Biomedical Engineering Reference
In-Depth Information
Active carriers
As far as so-called `active' carriers are concerned, a comprehensive account is
outside the scope of this chapter. Recently, thermosensitive liposomes have been
described which are able to accumulate in tumours because of their long-
circulating properties (see below) and to release doxorubicin in response to local
heating (Ishida et al., 2000; Chen et al., 2004). Release of doxorubicin from
liposomes has also been achieved by high-intensity focused ultrasound (Yuh et
al., 2005).
Another type of active carrier which is attracting much attention at the
moment is liposomes containing magnetic iron particles, or magnetoliposomes
(reviewed by Ito et al., 2005). These carrier systems have potential both as
contrast agents for magnetic resonance imaging and for guided drug delivery to
tumours, especially when long-circulating formulations are used to take
advantage of the so-called EPR effect (Martina et al., 2005). Since these
systems can be destabilized by hyperthermia, they could be used for site-specific
release of an encapsulated drug. The attachment of a tumour-specific ligand at
the surface would further enhance the efficacy of this approach (Kullberg et al.,
2005).
3.3.4 Long-circulating liposomes
Despite encouraging results with these `conventional' carrier systems, much
research has been devoted towards designing carriers with modified distribution
and new therapeutic applications. One major axis is the development of
sterically stabilized, or `Stealth
TM
', carriers which undergo greatly reduced
opsonization and uptake by the mononuclear phagocyte system and therefore
open up new perspectives for applications by the intravenous route. Secondly,
since internalization of colloidal carriers usually leads to the lysosomal compart-
ment, it may be necessary to modify the intracellular distribution of the carrier.
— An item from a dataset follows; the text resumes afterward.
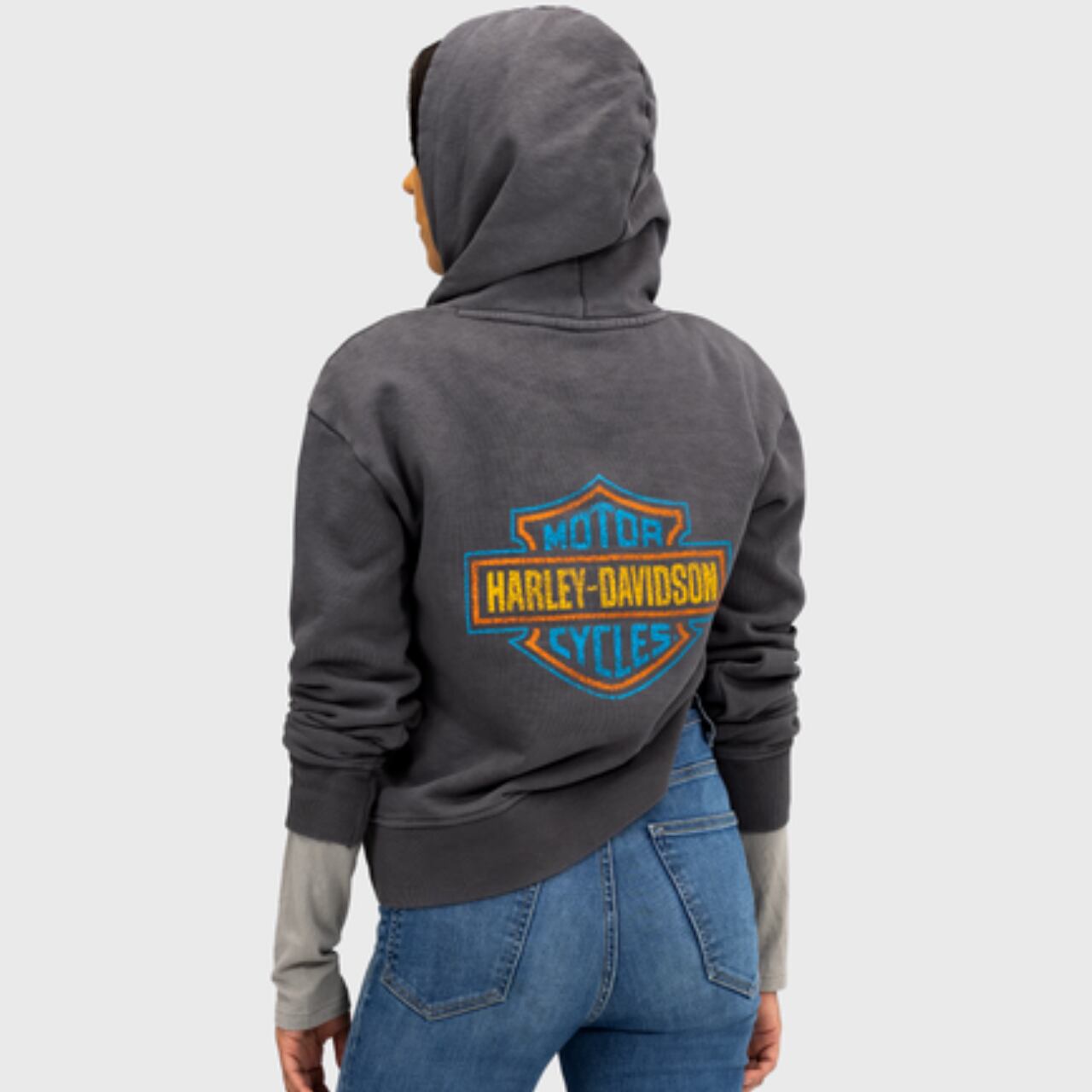 ・デザインディテール:リブ編みの袖口とウエストバンド。ジャージー素材の裏地付きクロスオーバーフード

This is particularly true when the encapsulated drug is a nucleic acid. Delivery
systems are necessary for this type of molecule because they are susceptible to
nuclease-mediated degradation in the circulation and penetrate poorly through
membranes. However, they are also susceptible to nuclease attack within the
lysosomes and their site of action is either in the cytoplasm in the case of an
antisense or small interfering RNA strategy or in the nucleus in the case of gene
replacement or anti-gene therapy. Thus, systems have been developed which
either fuse with the plasma membrane or have a pH-sensitive configuration
which changes conformation in the lysosomes and allows escape of the
encapsulated material into the cytoplasm. Finally, the ultimate goal would be to
be able to direct the drug carrier system to a specific cell type; that is, to develop
a third-generation carrier.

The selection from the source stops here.